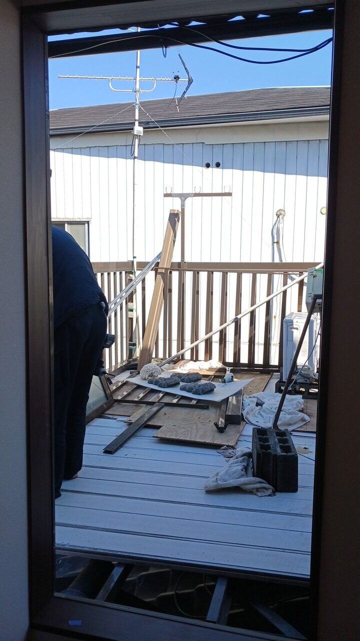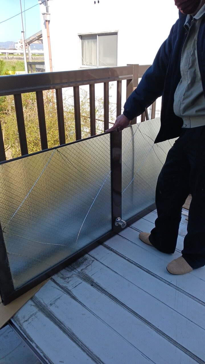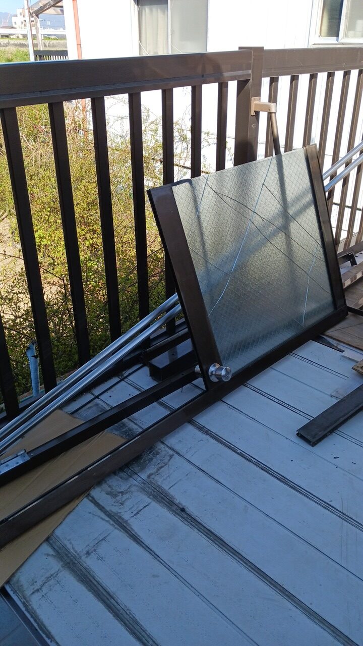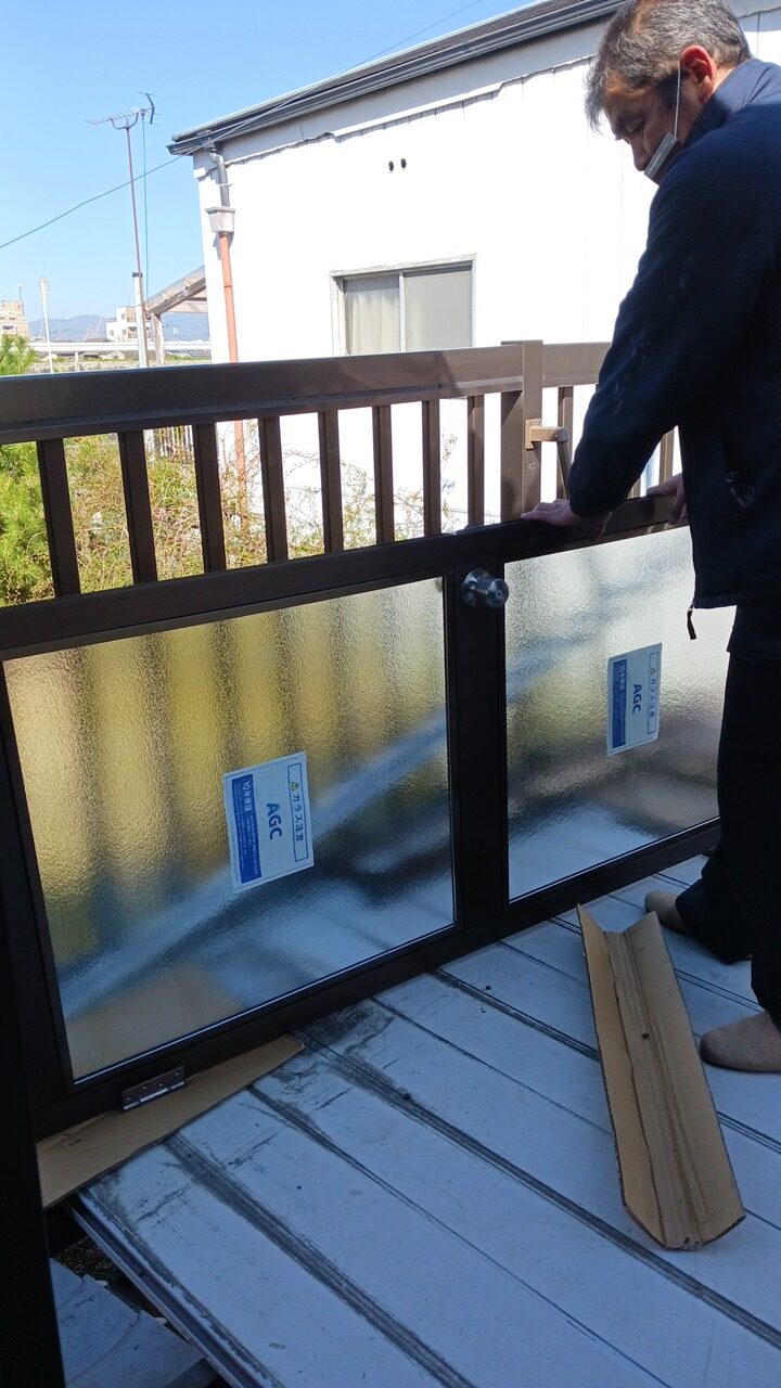 施行中③ 写真は下部硝子1枚を取り外した状態です。この後上部の硝子も取り外します。
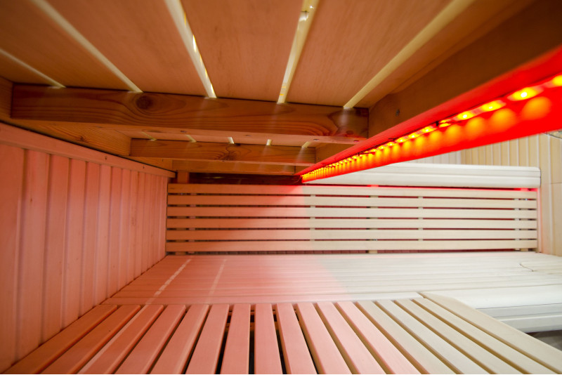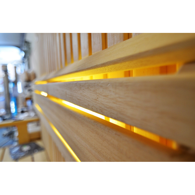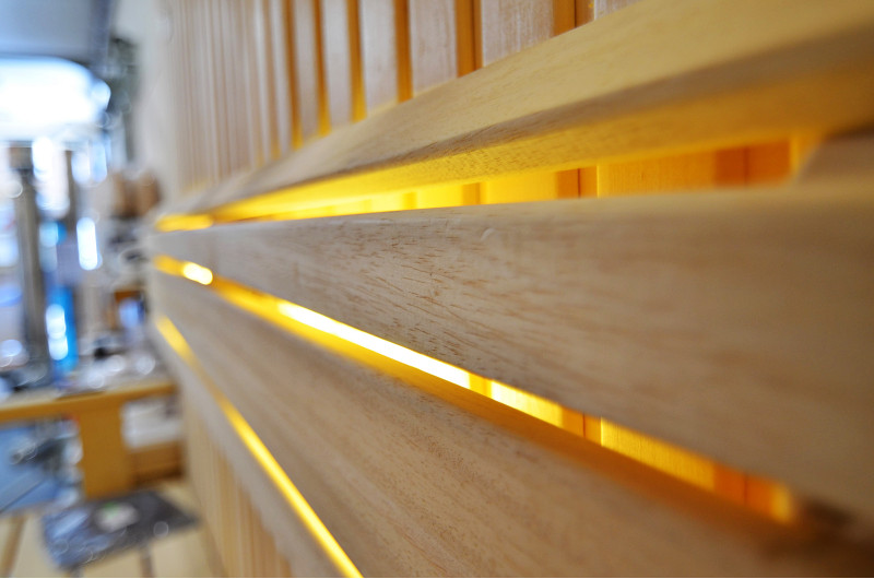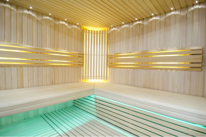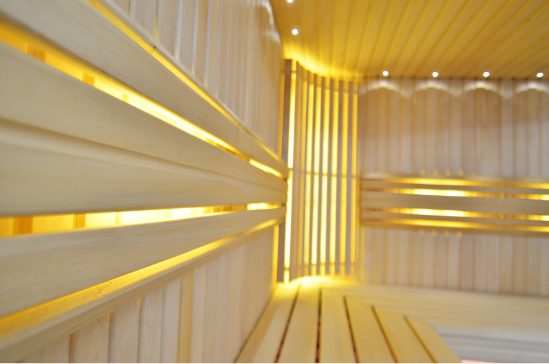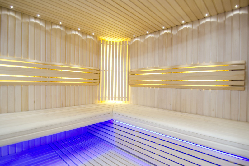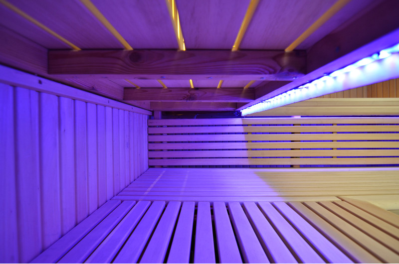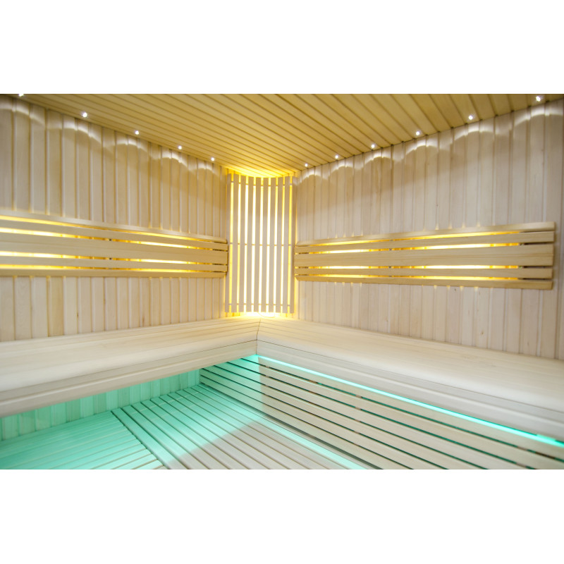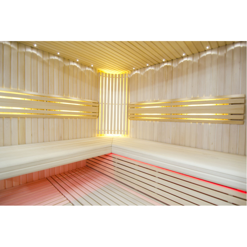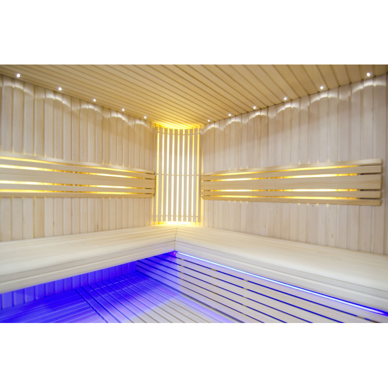 Strop je osvetlený bielym LED osvetlením "mesiac" - dobrou alternatívou k osvetleniu z optických vlákien. Na stenách pod operadlami - LED biele teplé osvetlenie, ktoré dokonale zvýrazňuje textúru dreva. Pod lavicami - LED RGB farebné osvetlenie, ktorého farby môžete jednoducho ovládať diaľkovým ovládačom a navodiť tak požadovanú atmosféru sauny.
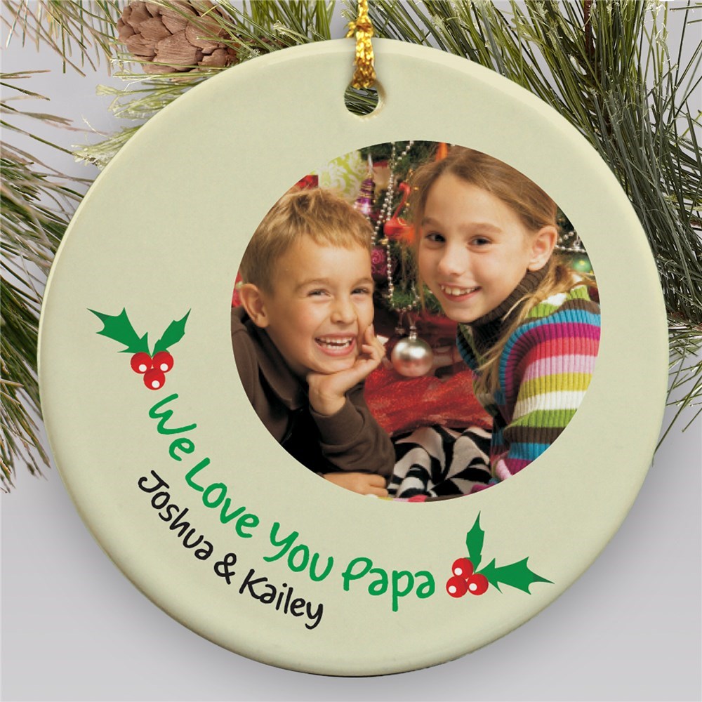 Take your favorite family holiday photo and create a photo ornament to give your friends and family members as a holiday gift this year! It's unique, one of a kind, and definitely something that those closest to you would love to display on their family's tree. They'll be touched to receive a Picture Ornaments so sentimental and meaningful. It will make their holiday tree look even more special. Personalize with any upload of your favorite photo and two line custom message. Nothing makes a more unique ornament than one with a family photo on it!

(WHAT THE TASK ASKS) Could the material above be given again in full and exactly, with its pictures left out?

(WRITTEN SOLUTION)
 施行中③ 写真は下部硝子1枚を取り外した状態です。この後上部の硝子も取り外します。
 Strop je osvetlený bielym LED osvetlením "mesiac" - dobrou alternatívou k osvetleniu z optických vlákien. Na stenách pod operadlami - LED biele teplé osvetlenie, ktoré dokonale zvýrazňuje textúru dreva. Pod lavicami - LED RGB farebné osvetlenie, ktorého farby môžete jednoducho ovládať diaľkovým ovládačom a navodiť tak požadovanú atmosféru sauny.
 Take your favorite family holiday photo and create a photo ornament to give your friends and family members as a holiday gift this year! It's unique, one of a kind, and definitely something that those closest to you would love to display on their family's tree. They'll be touched to receive a Picture Ornaments so sentimental and meaningful. It will make their holiday tree look even more special. Personalize with any upload of your favorite photo and two line custom message. Nothing makes a more unique ornament than one with a family photo on it!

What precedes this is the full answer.